7. Dikieva D.M., Petrova I.A. The chemical composition of macrophytes and the factors determining the concentration of minerals in higher aquatic plants // Hydrobiological processes in water bodies / Ed. I.M.Raspopova. - L .: Nauka, 1983 .-- S.107-213.

8. Smirnova N.N. Ecological and physiological features of the root system of coastal vegetation // Gidrobiol. Zhurn. - 1980. - 26, No. 3. - S.60-69.

9. Dmitrieva N.G., Einor L.O. The role of macrophytes in the conversion of phosphorus in water // Water.

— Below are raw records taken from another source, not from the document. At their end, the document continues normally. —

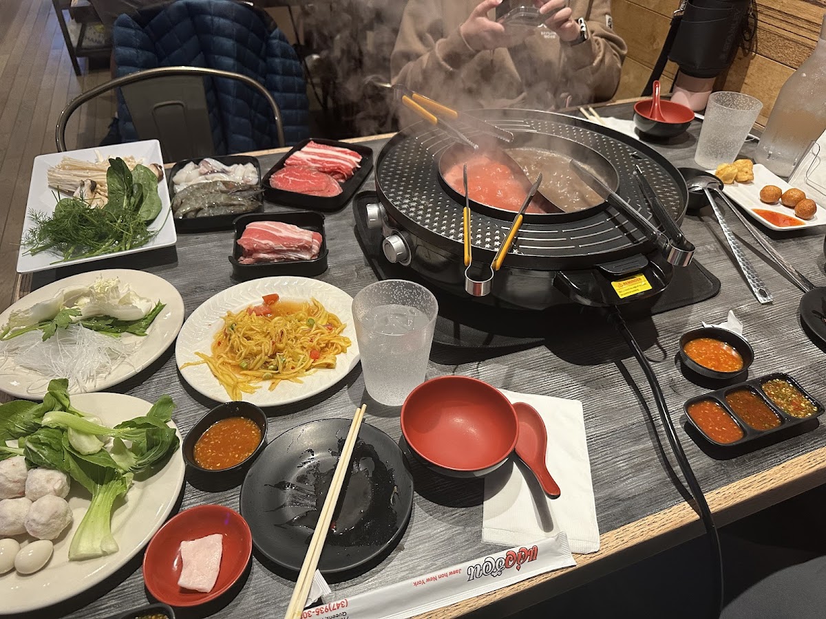 The best hot pot place in NYC, and probably my favorite of all the hot pot places ever. The only Thai hot pot place that I know of in the city as well. It is AYCE and the prices have gone up over the past few years from $19.95 until now $34.95. Thank you, inflation. But it is still worth it. And it is CASH ONLY, which is slightly inconvenient, but still worth it. The broth is always so delicious. I always stick with the Tom Yum and Jaew Hon broth. They are both spicy and flavorful. Some days are more spicy than others. The beef is good quality and fresh. I especially like the fish filet and calamari. To dip these in their amazing spicy lime sauce - just divine. Since Covid, the customers are no longer allowed up to the veggies and rice stand. But the servers are quick with getting me what I need. I love the morning glory which none of the other hot pot places has. It is perfect when soaked in the flavors of the Thai broth. Another unique item is the unlimited garlic rice! My husband always devours this. Even though the place is small and the menu items are not expansive like some major hot pot restaurants nowadays, the freshness of the ingredients, the flavorful broth choices, the delicious sauces are more than enough to keep me and plenty of other from coming back. I always enjoy my meals here. It was worth the trek to Queens every single time.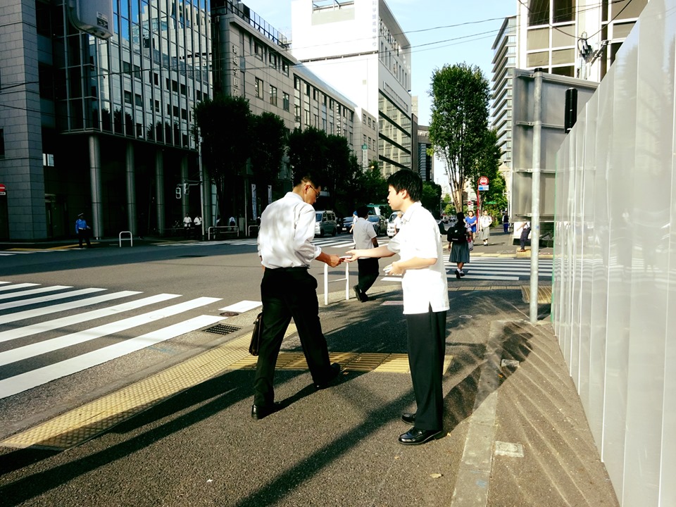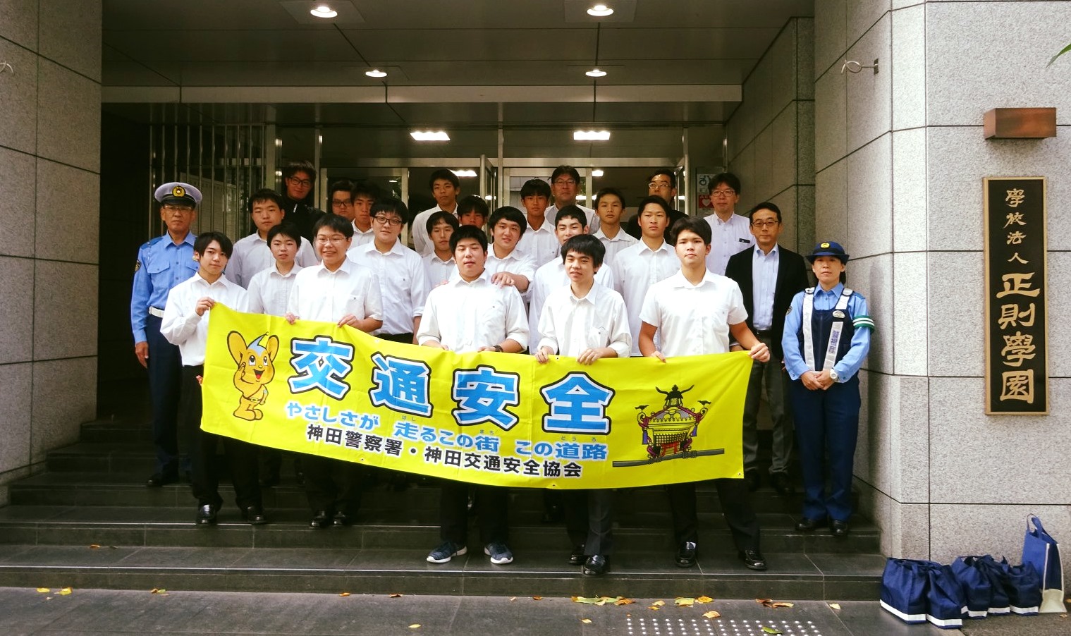 トピックス 2019/09/28 秋の交通安全運動でティッシュ配りを行いました 秋の全国交通安全運動に伴い神田警察署の方々と新生徒会役員及び希望者の生徒達で交通安全を促すティッシュ配りを行いました。 『いつも通っている道だから・・・」は危険!とのことで信号無視、横断禁止場所の横断は決してしないようにお願いします。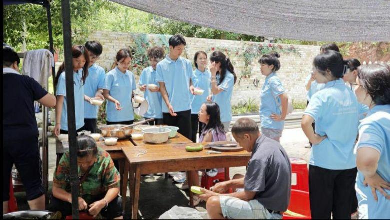 圖為外國語學院Sunshine Action志愿服務小隊于當地用餐(張心雨 攝)
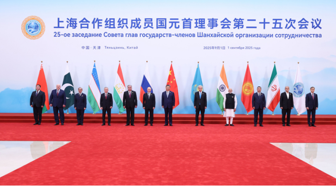 9月1日上午,上海合作组织成员国元首理事会第二十五次会议在天津梅江会展中心举行。中国国家主席习近平主持会议并发表题为《牢记初心使命 开创美好未来》的重要讲话。这是习近平同出席会议的上海合作组织成员国领导人、常设机构负责人集体合影。新华社记者 黄敬文 摄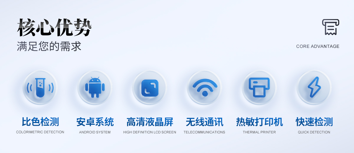 | 采用全新安卓7.1.1智能系統,人性化中文操作界面,運轉速度更快速,穩(wěn)定性更強。 | 8英寸液晶觸摸屏顯示,人性化中文操作界面,讀數直觀、簡單。 | 采用精密比色池設計,使用光源一致,可以解決由于光源誤差帶來的檢測結果誤差問題,檢測結果更加精準。 | 光源采用進口超高亮發(fā)光二極管,光源亮度可以自動調節(jié)與校準。 | 支持10mm、30mm、50mm皿比色和φ16mm管比色等比色方式,多元選擇,確保測量的準確性; | 具有無線通訊功能,支持WIFI、RJ45、手機熱點聯網傳輸,檢測數據亦可通過U盤導出; | 多功能樣品管理,可對樣品進行中英文命名,方便樣品記錄和數據存儲; | 儀器可永久存儲800萬組數據,為方便大量數據查找,可通過時間檢索,并隨意選擇分析; | 支持HDMI輸出,方便用戶培訓、講解、及大屏展示。 | 儀器帶有監(jiān)管云平臺,數據可通過局域網和互聯網上傳,亦可對接上傳至環(huán)境監(jiān)管部門平臺。 | 內置熱敏行式打印機,打印紙上的內容可自由選擇(包括二維碼打?。?/td> | 交流220V,可選配6ah大容量充電鋰電池,方便戶外流動測試; | 后期產品固件可升級。 |

Res. - 1985. - No. 5. - S. 101-110.

10. SNiP 2.04.03-85.

Claims (1)

The water supply system of fish farms located on polder lands, including water tanks, devices for cleaning and aeration of water, pumps for supplying water to the fish farm and its return, characterized in that groundwater reservoirs separated by sand and gravel are used as water tanks a jumper with a width of 5.0-6.0 m, which is used as a hydrodynamic filter, and the first reservoir-receiver is made with the possibility of communication with the reclamation channel and planted with higher aquatic vegetation from the water supply side by 30-40%, which is used as an aerator and biological water filter, and its depth from the water supply side is not more than 0.5 m, and in the part adjacent to the bridge - not more than 2.0 m, and the second the storage reservoir is made with a depth of not more than 2.0 m, is cleaned of vegetation and communicated with the water intake of the fish farm using a pump equipped with a mechanical filter.